The prince’s melancholy, already known before 1594, grew deeper. A secret and therefore reliable political document draws an eloquent portrait of Gesualdo in 1600: ‘he has an income of more than 40,000 ducats-worth of grain. His ancestors were very French [i.e. anti-Spanish] in outlook, but he is opposed to innovation, attends to money-making and does not delight in anything but music. He keeps a company of men-at-arms’. There are also reports on the ill-treatment of his wife, and of divorce proceedings begun by the Este family. Leonora frequently complained of the boredom she suffered on the estate, where in fact she did not arrive until the end of 1597, after the inevitable transfer of the duchy of Ferrara to the papacy; even then she spent long periods at Modena with her brother Duke Cesare, thus provoking urgent messages from Gesualdo, who disapproved of her absences. A letter written in September 1609 confirms that, contrary to the general state of the Neapolitan nobility, the prince’s financial position was good, and that he was willing to purchase the domain of Castellammare di Stabia from the Farnese family, so that Leonora, who disliked the climate at Gesualdo, could enjoy more salubrious air. The letter also illustrates the prince’s social intolerance; he proposed that Leonora should spend the winter at one of his villas in the outskirts of Naples, where he would not be able to join her, because his own ill-health would not allow him to attend the vice-regal court. The prince’s psychopathic deterioration during his last years is amply documented; and Gesualdo’s morbid, bigoted veneration for his uncle, Carlo Borromeo, canonized in 1610, as seen in his obstinate correspondence with Cardinal Federico Borromeo to obtain relics and a portrait (see illustration and Piccardi), completes the clinical picture of the prince’s melancholy. After the death in October 1600 of Alfonsino, his son by Leonora, he commissioned the famous altarpiece in the church of the Capuchins at Gesualdo; beneath a sacra conversazione, it depicts Carlo Borromeo, Leonora, Gesualdo himself and the purified soul of their dead son. Gesualdo’s preoccupation with the extinction of his line proved justified: his death came three weeks after that of his only surviving child, Emanuele, his son by his first marriage, who had been entrusted with the entire management of the family estates.

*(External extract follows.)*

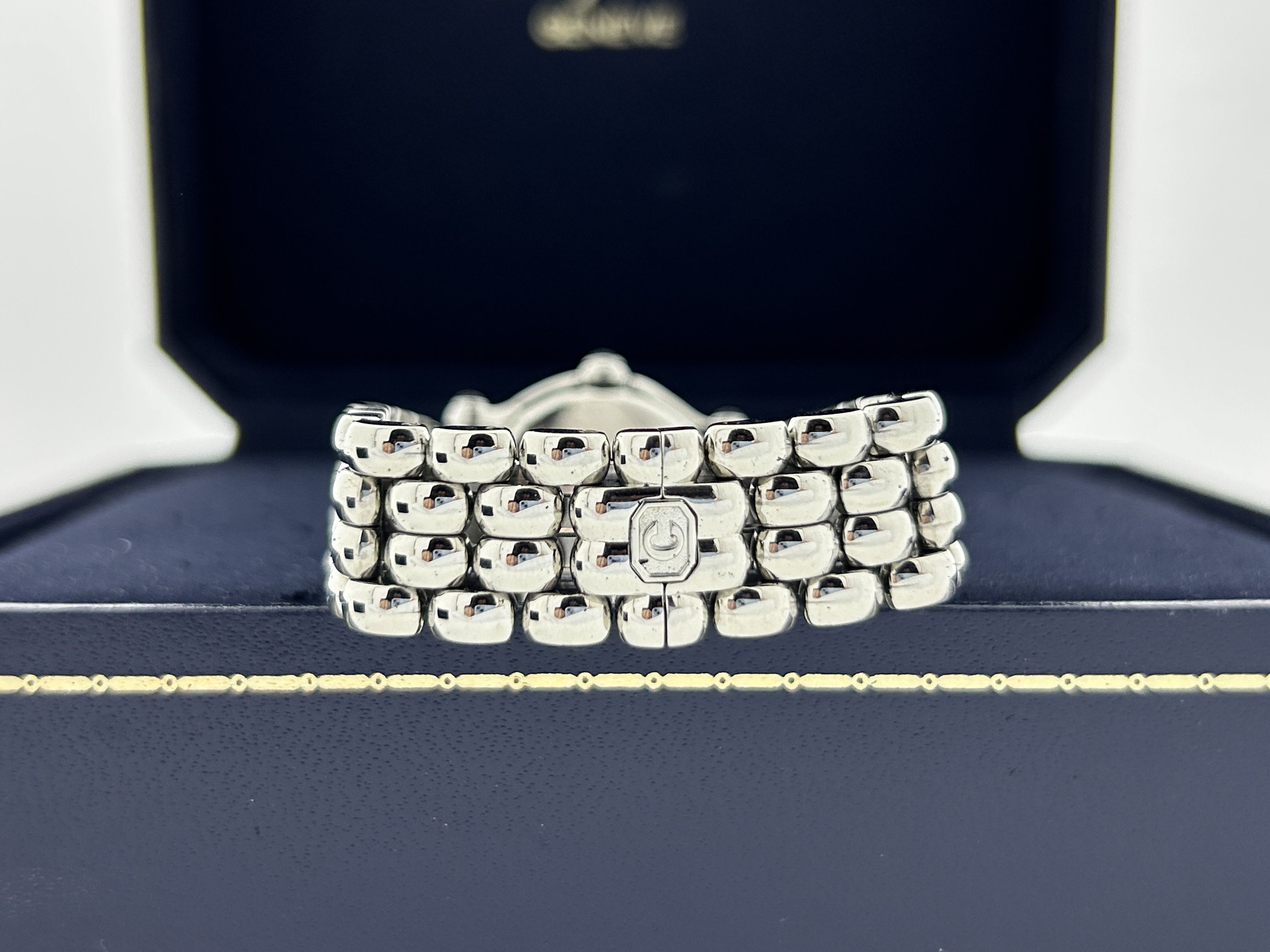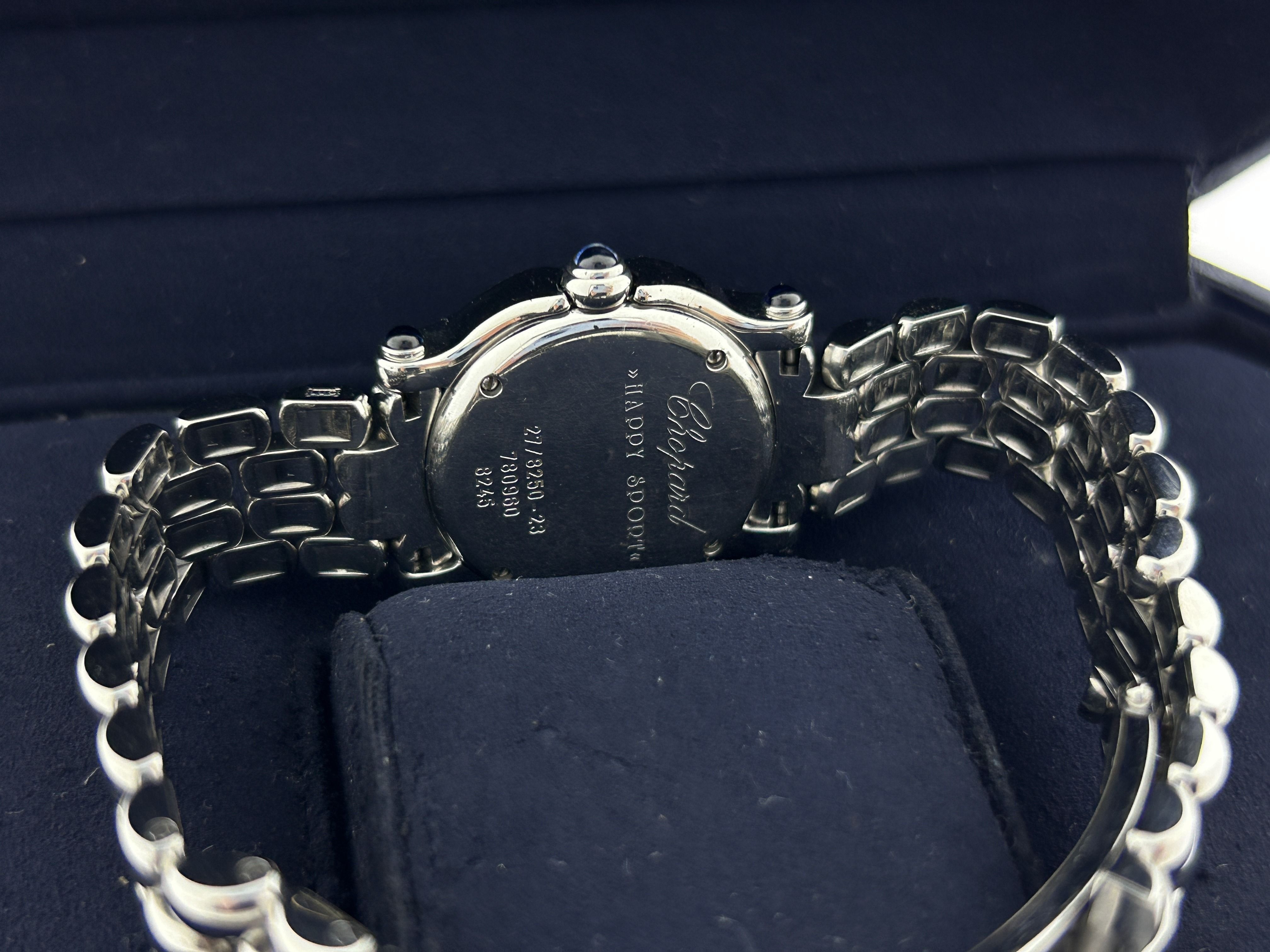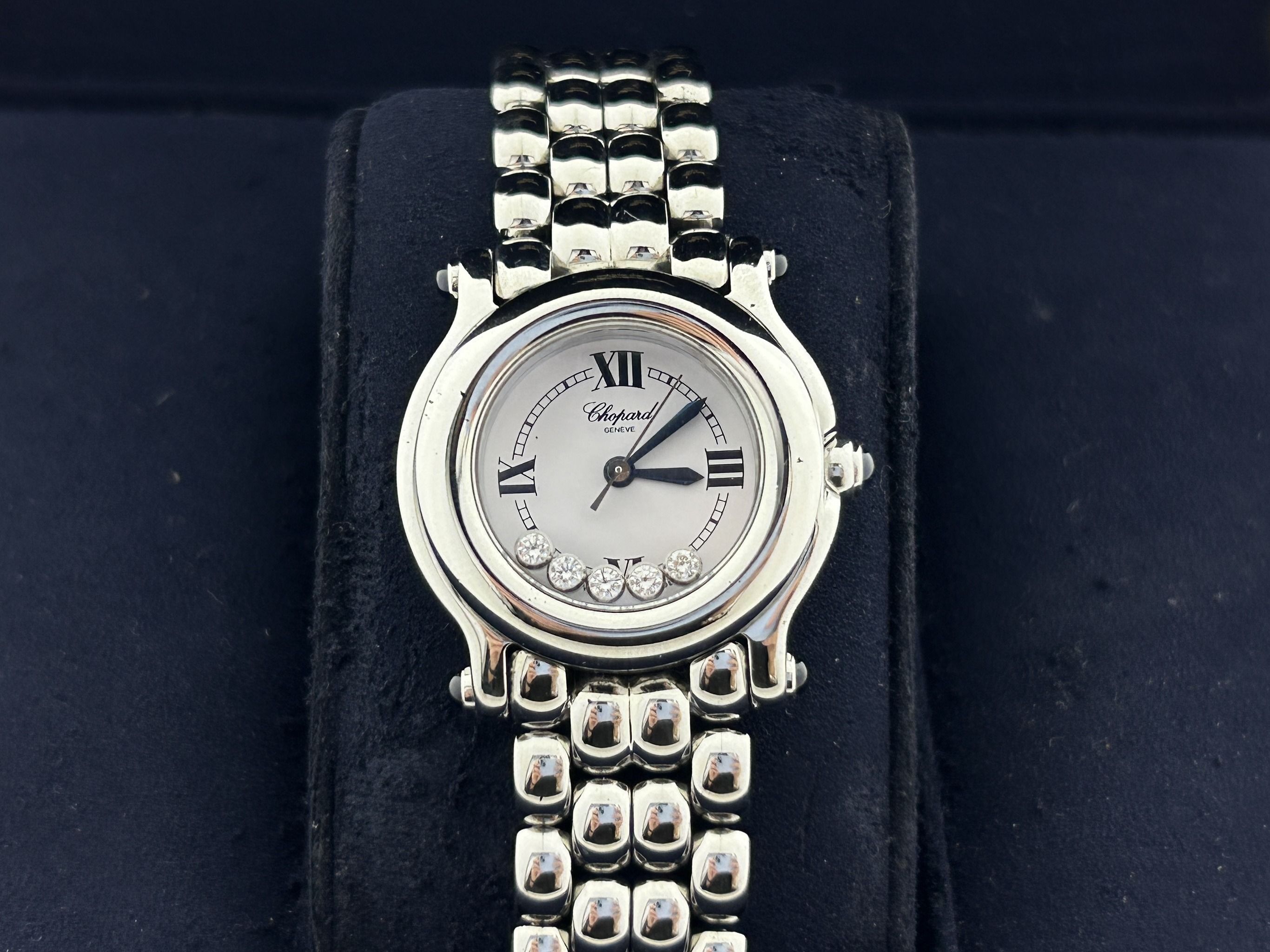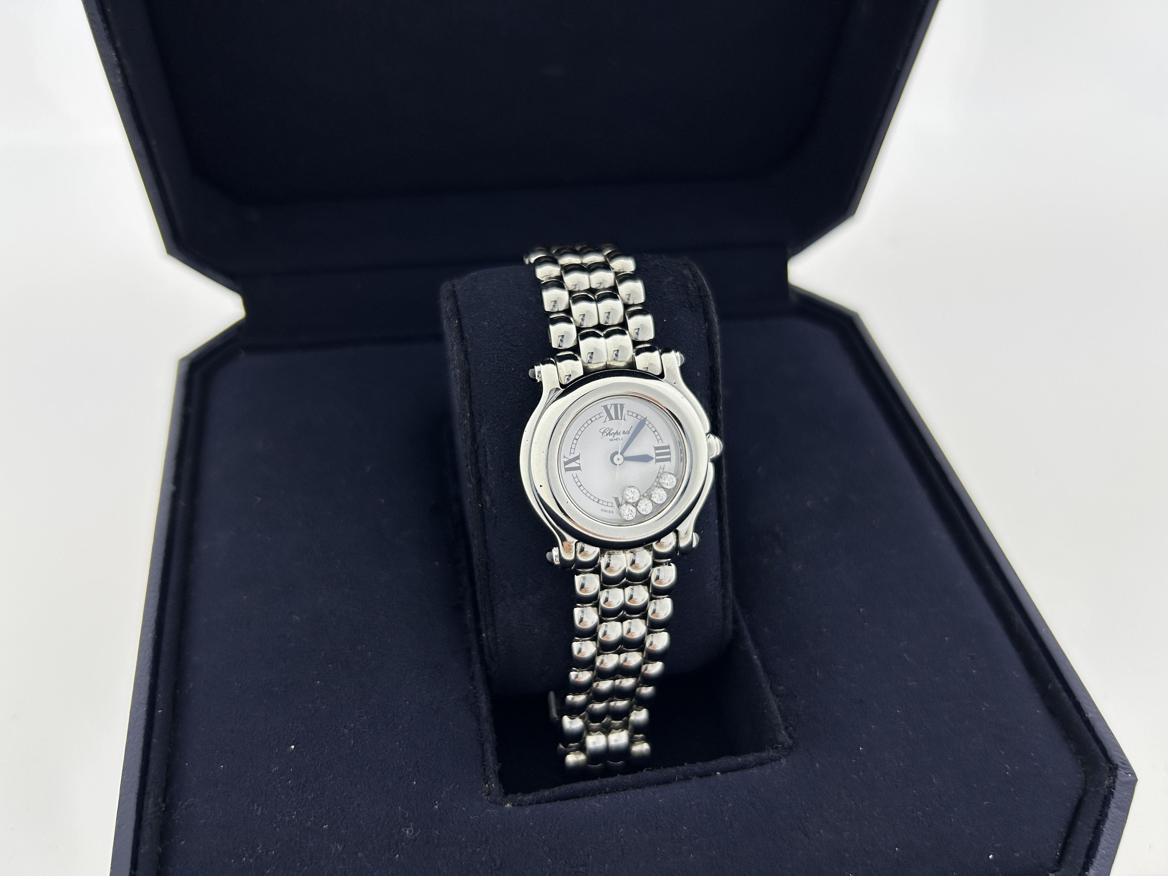 A Chopard Happy Sport, ref. 27/8250-23. The Chopard has a steel 26mm case with the original steel Chopard bracelet. The watch has a white dial with Roman numerals and 5 moving/dancing, brilliant cut diamonds. The watch comes with its original box.

Gesualdo’s complete retirement from city life was part of a general return to feudalism in the kingdom of Naples during a period of grave economic, social and political crises which resulted in direct control by the nobility over its own lands. Nevertheless, his renunciation even of the exercise of this power, despite his relatively flourishing financial position, and his refuge in music, imply an anguished knowledge of his loss of real power, exclusion from the world and the absence of any future.

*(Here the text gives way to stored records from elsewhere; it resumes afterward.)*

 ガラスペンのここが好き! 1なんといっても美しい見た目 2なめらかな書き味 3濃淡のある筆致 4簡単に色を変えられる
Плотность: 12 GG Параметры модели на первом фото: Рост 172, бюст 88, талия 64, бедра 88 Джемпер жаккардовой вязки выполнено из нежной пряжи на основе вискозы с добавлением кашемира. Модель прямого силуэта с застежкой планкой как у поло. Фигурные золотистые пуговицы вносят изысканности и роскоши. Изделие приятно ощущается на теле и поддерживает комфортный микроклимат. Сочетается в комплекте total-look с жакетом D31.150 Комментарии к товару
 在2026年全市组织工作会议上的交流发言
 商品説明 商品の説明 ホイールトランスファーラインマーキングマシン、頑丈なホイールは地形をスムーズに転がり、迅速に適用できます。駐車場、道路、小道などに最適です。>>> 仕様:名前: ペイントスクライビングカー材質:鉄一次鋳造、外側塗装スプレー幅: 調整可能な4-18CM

II. Literary and stylistics sources
Gesualdo’s output can be divided neatly into two sections; the works he formally acknowledged (his six books of five-voice madrigals, the two books of Sacrarum cantionum and the Responsoria) but had published, as was the custom of the nobility, by a courtier; and those not originally intended for publication. To the latter category belong the few works printed after his death: the madrigals for six voices published by Effrem in 1626, three canzonettas for five voices (in RISM 161615 and 161811), a psalm in the Salmi delle compiete (Naples, 1620), and some works known only in manuscript. This latter group comprises two canzonettas in a book of spiritual parodies, mostly Neapolitan in origin, a chromatic galliard for four voices entitled ‘Principe di Venosa’ in a keyboard manuscript, and an extensive and complex ‘Canzon francese del Principe’ in the extravagant and fantastic style of Macque (ed. in CEKM, xxiv). The works that Fontanelli mentioned in his letter of 25 June 1594, ‘a motet, an aria’ and ‘a dialogue for three soprano lines’ as well as five or six ‘madrigals full of artifice’, can also be placed in this category. This list not only demonstrates Gesualdo’s versatility in every kind of musical style, including monody, but also clearly underlines his intentional discrimination between the lighter sorts of composition and the deliberate contrapuntal complexity of the works destined for publication. A. Bossarelli Mondolfi, with some justification, suggested the attribution to Gesualdo of an unsigned piece in Verovio’s Lodi (RISM 15956) and it is possible to suspect Gesualdo as the composer of much other anonymous music, such as the responses for Holy Week, ‘written by a composer who wishes to conceal his name’, included in Fabrizio Dentice’s Lamentationi(Milan, 1593); but this is to ignore the essential fact that with his nine official publications Gesualdo purposely gave a specific image of himself. This image is itself problematic enough, as an examination of his choice of poetry for the madrigals shows.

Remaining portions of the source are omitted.